I wanted to plot the “net sentiment” of the debate versus time, so I used the bing sentiment lexicon and created a time index in order to plot the net sentiment throughout the debate. The time index is simply one-minute intervals, which I believed would capture enough words spoken by the candidates and moderator to garner a useful net sentiment value; the net sentiment is simply the number of positive sentiments minus negative sentiments over each one minute interval.

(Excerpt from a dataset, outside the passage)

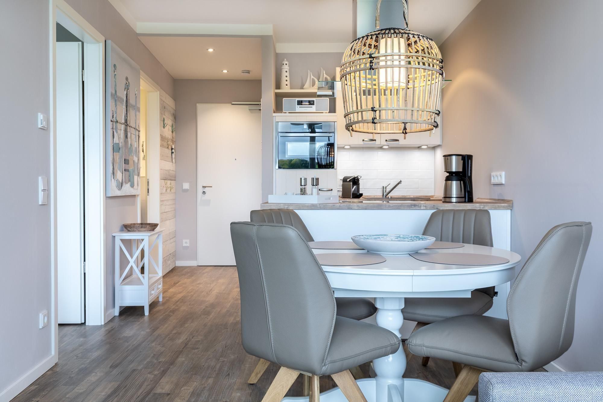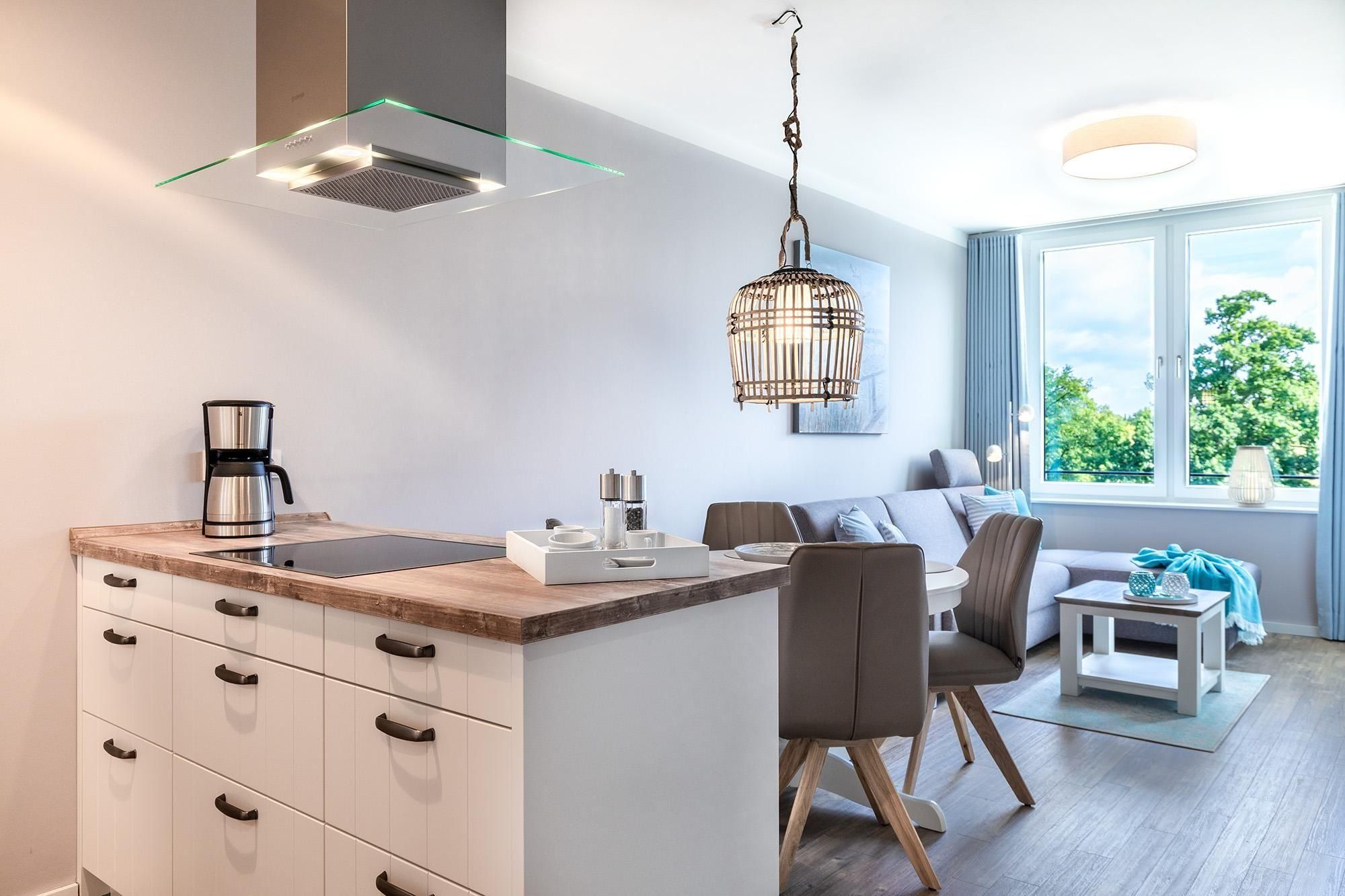 Die offene Küche mit praktischem Kochtresen ist komplett ausgestattet: Geschirrspüler, Kühl-Gefrierkombination, Kaffeemaschine sowie eine Nespresso PIXI-Kapselmaschine, Eierkocher, Toaster und Wasserkocher gehören ebenso dazu wie ein Glaskeramikkochfeld und ein Backofen mit integrierter Mikrowellenfunktion. Hier bereiten Sie mühelos Ihre Lieblingsgerichte zu und genießen diese im behaglichen Wohn-Essbereich.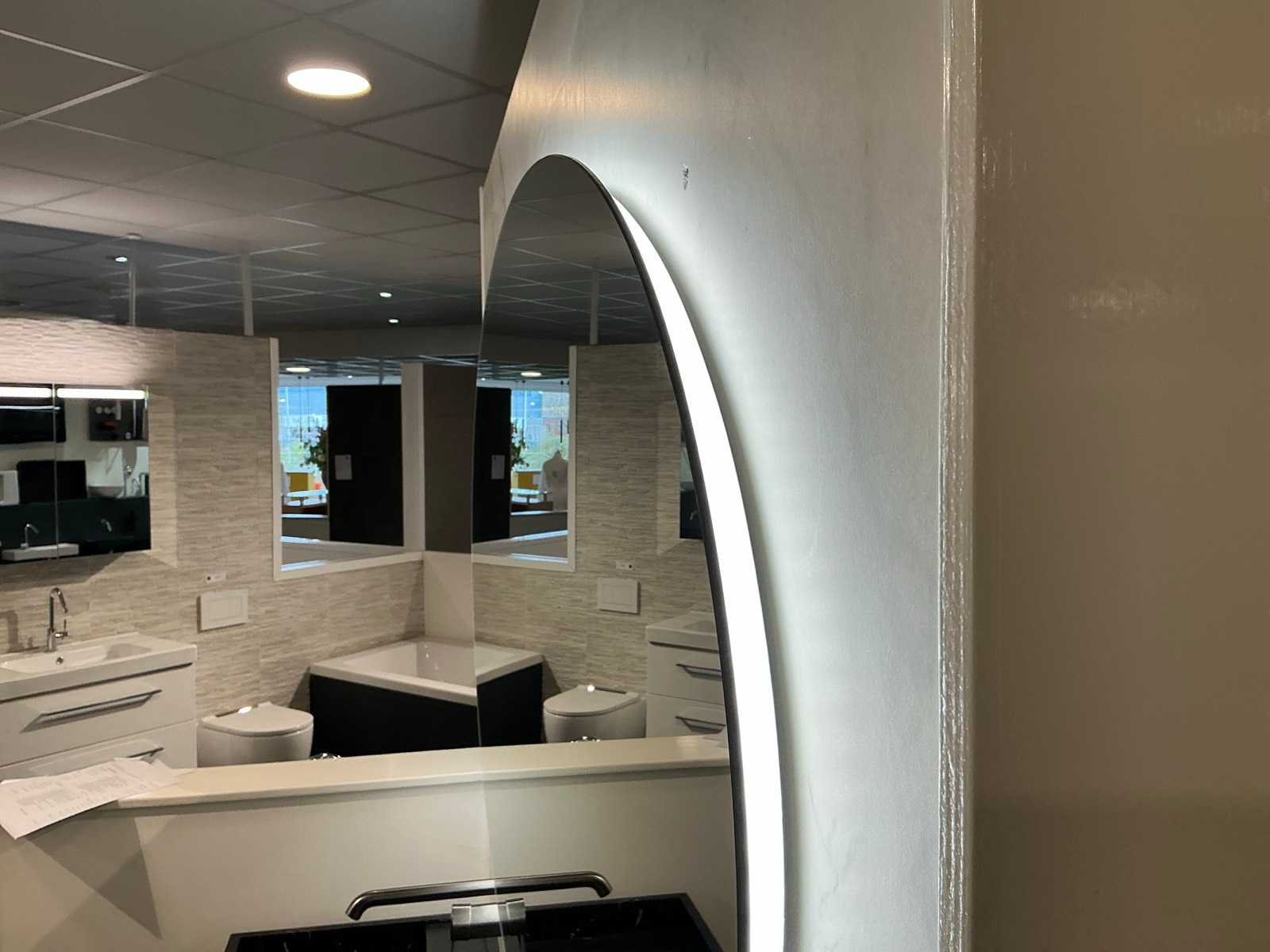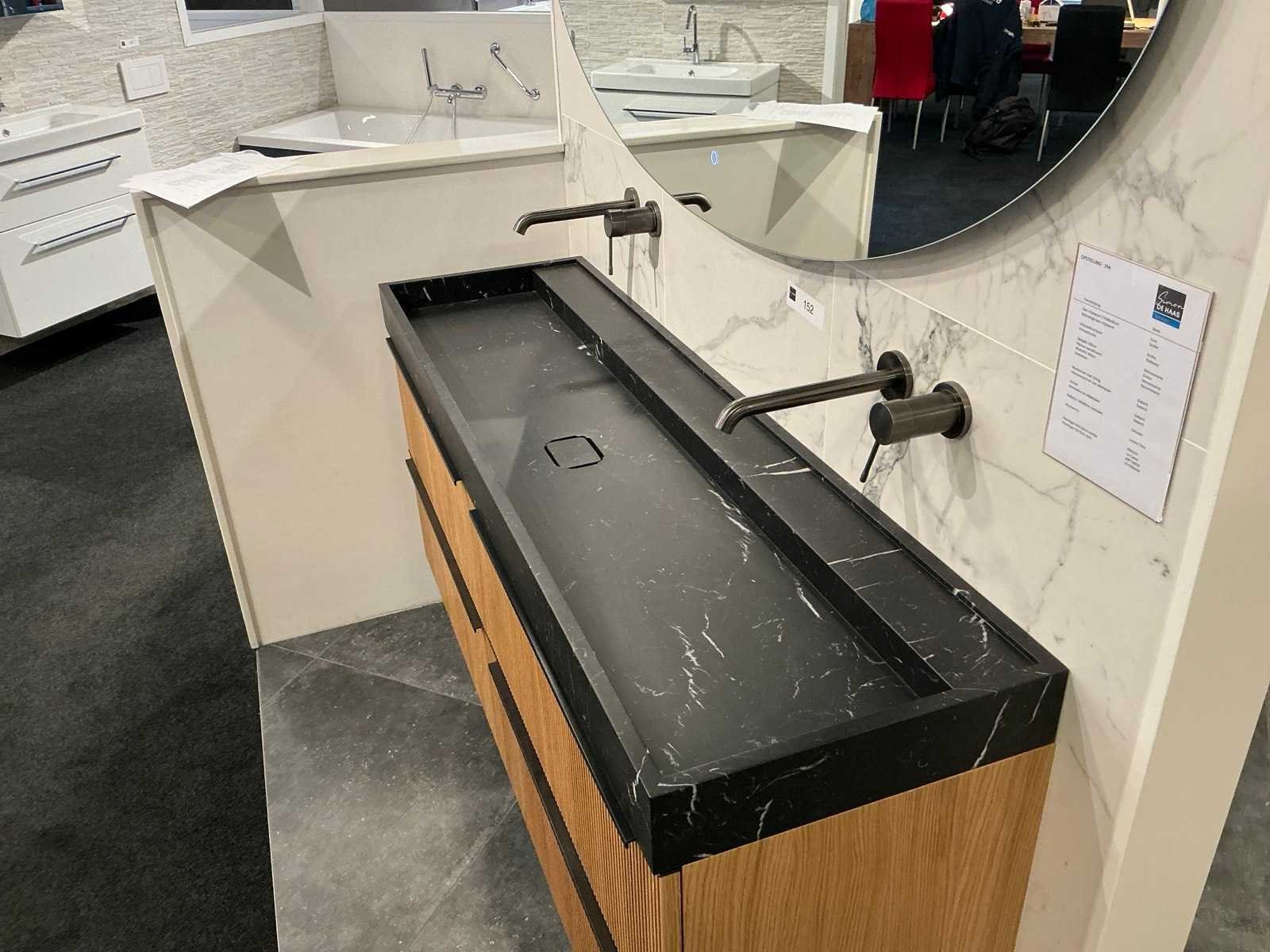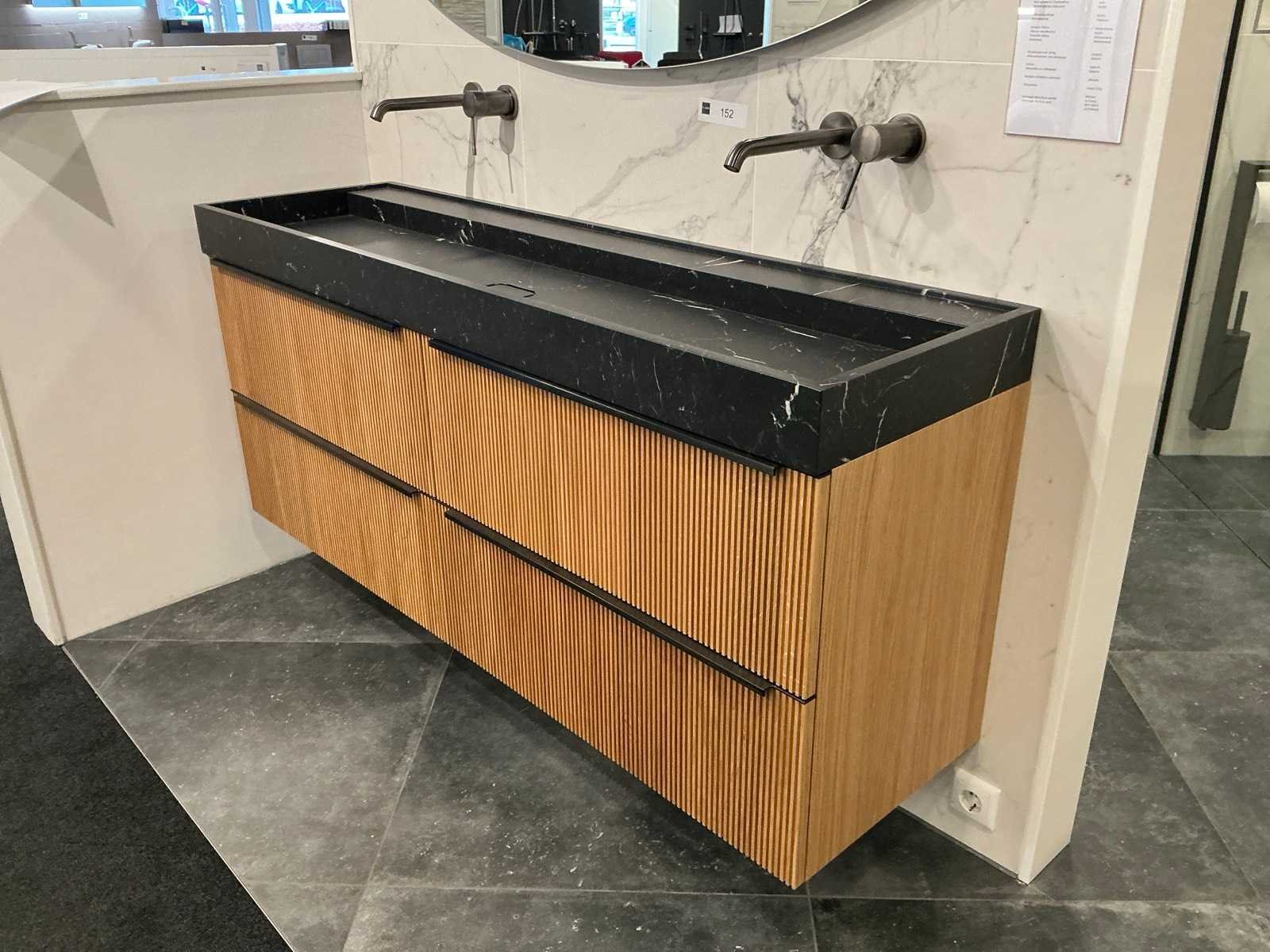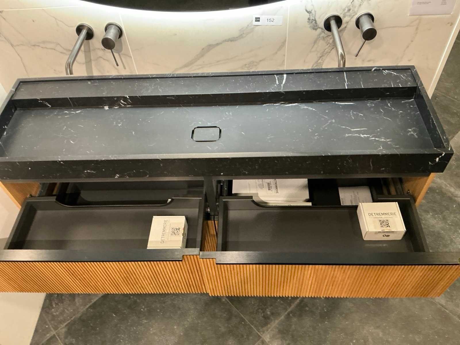 Bestaande uit een condensvrije LED spiegel 160cm ovaal, 160cm duowastafel (WT211 marmer), Licht eiken onderkast (160x45x59cm) met 4 lades, 2x opbouwgedeelte van Grohe inbouwwaskraan zonder inbouwgedeelte. Merk: Detremmerie Model: Negro

#plots the sentiment of the debate vs time
unnested <- transcript %>%
  unnest_tokens(word, text) %>% #tidy the data
  anti_join(stop_words) %>%
  mutate(minutes = seconds_in*(1/60)) %>% #create a minutes column
  inner_join(get_sentiments("bing")) #uses the sentiment lexicon "bing" which categorizes words in a binary fashion into positive and negative categories
view(unnested)

debate_sentiment <- unnested %>%
  count(index = minutes %/% 1, sentiment) %>% #creates time index
  spread(sentiment, n, fill = 0) %>% #creates separate columns for positive and negative sentiments
  mutate(sentiment = positive - negative) #calculate new sentiment
view(debate_sentiment)

#plot net sentiment vs time to see the "story" of the debate
sentiment_plot <- ggplot(debate_sentiment, aes(index, sentiment, fill = "red")) +
  geom_col(show.legend = FALSE)+
  xlab("Time Index (minutes)")+
  ylab("Sentiment")+
  ggtitle("Debate Sentiment vs Time")+
  annotate(geom='text',
           x = 60, y = 6.5,
           label=glue::glue("[Sentiment above x-axis = positive, below = negative]"),
           size=4)+ #add label explaining 
  theme_minimal()+
  theme(panel.grid.major.x = element_line(color = "grey"), panel.grid.minor.x = element_blank(), panel.grid.major.y = element_line(color = "grey"), panel.grid.minor.y = element_blank(), panel.border = element_blank(), axis.title.y = element_text(face="bold", size=10), axis.title.x=element_text(face="bold", size=10), plot.title = element_text(face="bold"))

sentiment_plot

As expected (if you watched the debate) the sentiment is primarily negative throughout the entire debate! Although sentiment analysis does not take context into account when it assigns a “positive” or “negative” association to a word, this plot could be an indicator of a country’s state/well-being as the subjects focused on in the debate were primarily negative (violence, disease, etc.).